Closing the Organofluorine Mass Balance in Marine Mammals Using Suspect Screening and Machine Learning-Based Quantification
Mélanie Z. Lauria, Helen Sepman, Thomas Ledbetter, Merle Plassmann, Anna M. Roos, Malene Simon, Jonathan P. Benskin, Anneli Kruve
ES&T 2024
High-resolution mass spectrometry (HRMS)-based suspect and nontarget screening has identified a growing number of novel per- and polyfluoroalkyl substances (PFASs) in the environment. However, without analytical standards, the fraction of overall PFAS exposure accounted for by these suspects remains ambiguous. Fortunately, recent developments in ionization efficiency (IE) prediction using machine learning offer the possibility to quantify suspects lacking analytical standards. In the present work, a gradient boosted tree-based model for predicting log IE in negative mode was trained and then validated using 33 PFAS standards.

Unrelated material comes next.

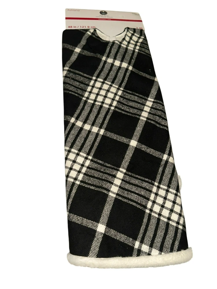 Ashland Holiday Christmas Holiday Tree Skirt Black and White Plaid Fur Trim NWT Size: 48" Condition: Brand new with tags, never used Retail Price: $39.99 Color: Multi Material: Fabric Non-smoking and pet free environment.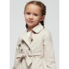 Trenčkotový kabát, dvojřadé zapínání na knoflíky. Odepínací kapuce, zavázování v pase.

The root-mean-square errors were 0.79 (for the entire test set) and 0.29 (for the 7 PFASs in the test set) log IE units. Thereafter, the model was applied to samples of liver from pilot whales (n = 5; East Greenland) and white beaked dolphins (n = 5, West Greenland; n = 3, Sweden) which contained a significant fraction (up to 70%) of unidentified organofluorine and 35 unquantified suspect PFASs (confidence level 2–4). IE-based quantification reduced the fraction of unidentified extractable organofluorine to 0–27%, demonstrating the utility of the method for closing the fluorine mass balance in the absence of analytical standards.